Она ушла, гордо подняв вздернутый носик, а он думал о пучинах женской души: муж, по ее рассказам, существовал у нее для удобств. Здесь, отдыхая от мужа, она нашла человека, который был согласен создавать ей удобства. Он был так же малоинтересен, как муж, но все же…
Потом он вспомнил свое недавнее прошлое, длинную вереницу услуг, подарков, мелких удобств, создаваемых им для жены. Его тоже любили за удобства. Или терпели за удобства. Теперь его иногда любили просто так, а то и не любили вовсе. Так лучше. Неужели он еще станет для кого-то удобным? Зачем?
– Съел всю тефтелину, четыре пятых гарнира, один сырник… – сказал Аркаша, выбегая из столовой и вытирая руки об шорты. – Сколько я заработал?
– Да, сколько ты заработал? – спросил Холодков покорно.
– Две партии в древнюю индийскую игру перед сном.
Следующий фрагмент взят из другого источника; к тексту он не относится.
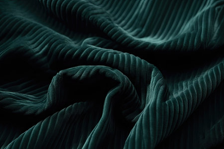 Deep emerald green corduroy fabric draped in soft folds, showcasing thick, velvety ridges. ideal for textile design, fashion backgrounds, and luxurious texture concepts.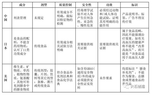 全球保健(功能)食品市场远没有成熟,各国的起步时间不同,中国保健食品与日本“特定用保健食品”、美国“膳食补充剂”在概念和要求上存在较大差异。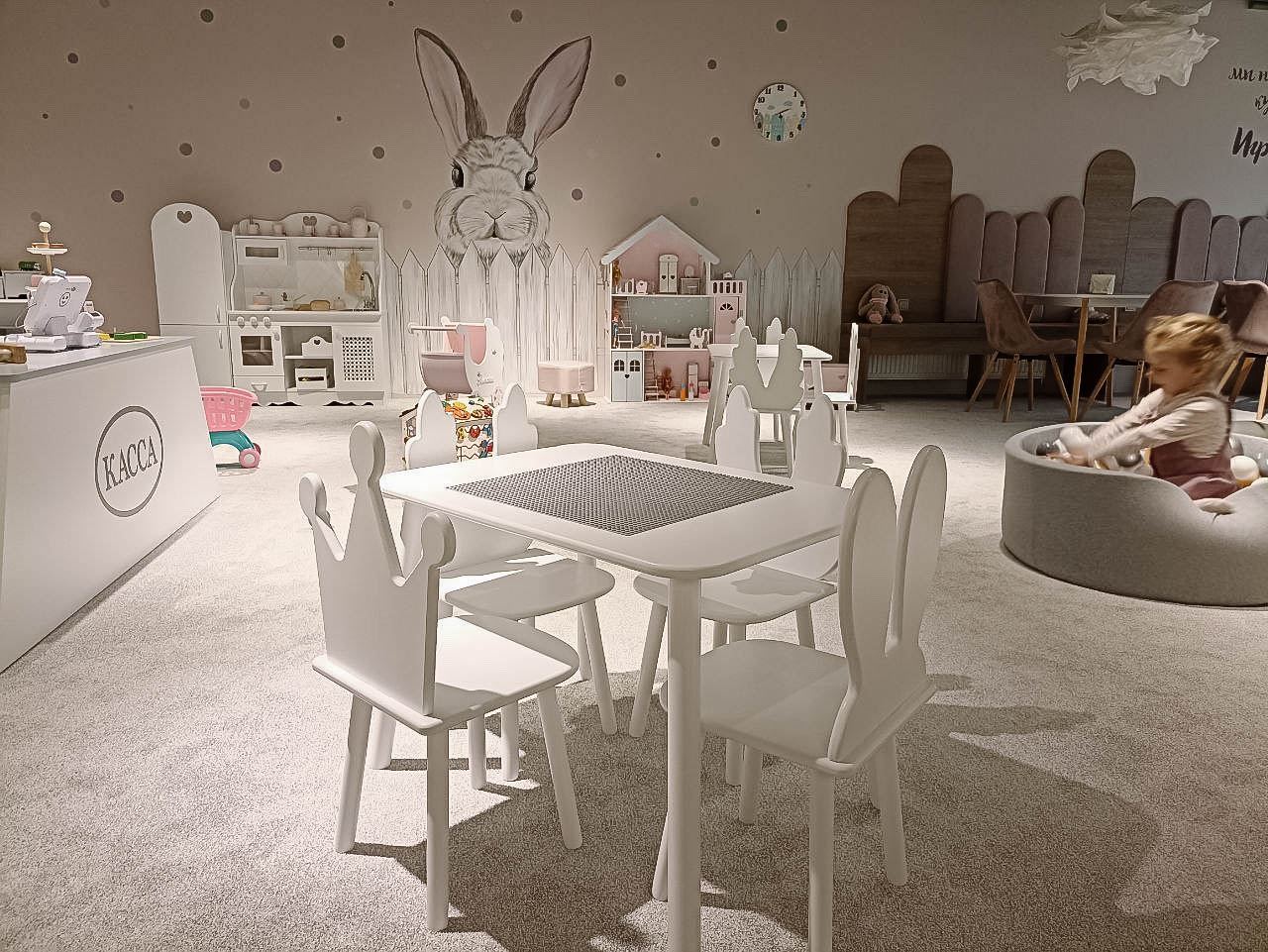 Интерьер игровой «Лютик» выполнен в спокойных, натуральных тонах, чтобы не будоражить психику ребенка. На стенах фотографии и рисунки милых кроликов - они же приглашают гостей на вывеске и логотипе.
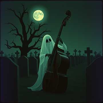 Create an energetic psychobilly instrumental track featuring slap upright bass as the main instrument, Use a fast-paced shuffle rhythm (around 180 BPM), rockabilly-style Gretsch guitar with slight distortion, snare-heavy drums, and occasional vintage organ stabs for retro flavor, The bass should dominate the groove with aggressive slap techniques and walking basslines, The mood is wild and raw but with a nostalgic 1950s-60s horror-b-movie vibe, Think of a mix between rockabilly, punk energy, and spooky surf rock influences, No vocals, only instrumental, Use reverb-heavy guitar licks, slapback echoes, and lo-fi textures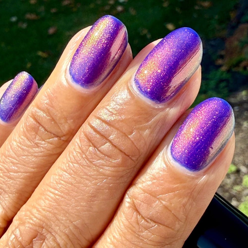We used Bea Arthur who played our favorite Golden Girl - Dorothy for inspiration. Resting Bea Face is a vivid cobalt blue with purple undertones and red to orange to copper shifting shimmer.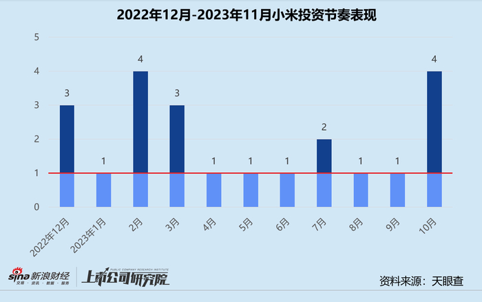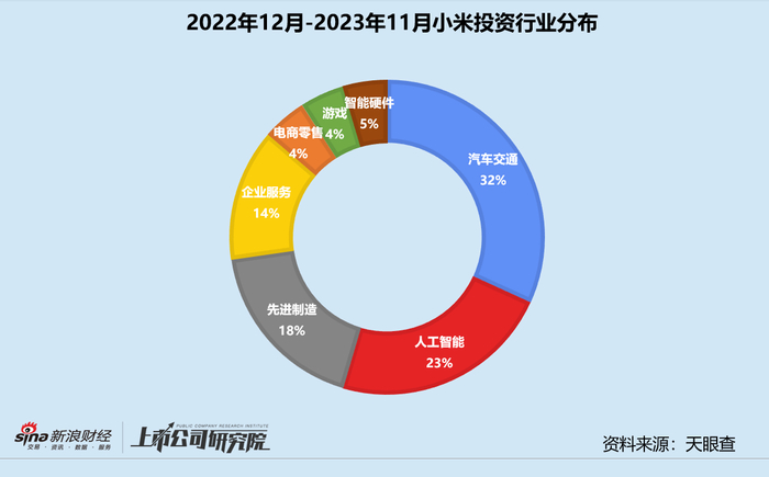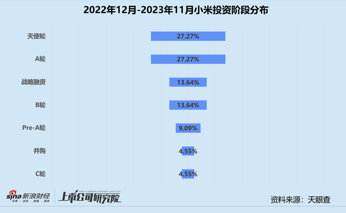 统计区间内,小米集团(下文简称:小米)公开披露的股权投资事件共22起,同比下降46.34%,自第二季度开始投资节奏放缓。从投资阶段来看,处于早期的天使轮、Pre-A轮和A轮占比合计63.64%,较2022年同期提高近20个百分点,“投早”策略进一步升级。战略融资占总投资事件数约14%,与2022年同期基本持平,但远低于2021年的22%。从所关注的行业赛道来看,小米偏好汽车交通和人工智能行业。最为聚焦的汽车交通领域,超71%投资于汽车制造和汽车零部件项目,其余近30%投向自动驾驶技术企业,全方位为即将亮相的小米汽车“铺路”。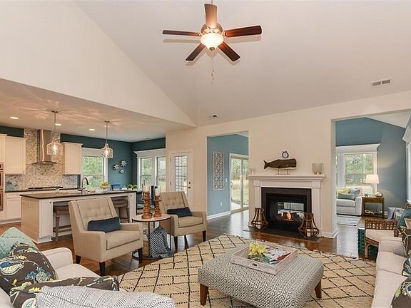 The CAMBRIDGE is our most popular model ranch model with 18 foot ceilings, giving you the "WOW" factor, with a Frog that has the option of a full bath, Open floor plan with an oversized island and optional sunroom providing additional living space, offered on a 2 acre lot. Fost and Fost Estates is Moyocks first modern neighborhood with townhomes and detached homes, with amenities that include, nature trail, bark park, pocket parks, village green, clubhouse and pool. Located only 4.5 miles from the VA /NC border. Fost will conclude with 9 phases with 479 homes and over 86 acres of open space. We have 9 different floorplans to choose from offering flex rooms, open floor plans, 2 car garages, large kitchen islands, standard LVP flooring on first floor, and much more options!

Одну блатную колыбельную. Одну карамель «Счастье». И – чур, засыпать при свете.
– Ладно уж. Две карамели… – сказал Холодков. – Две песни…
Так приятно было чувствовать себя богом, рассыпать благодеяния, сыпать пригоршнями неразумное, невечное, даже, может быть, и недоброе, но зато приятное кому-то и оттого бесконечно приятное для тебя. А что он, собственно, имеет против удобств? Это так приятно – создавать кому-то удобства.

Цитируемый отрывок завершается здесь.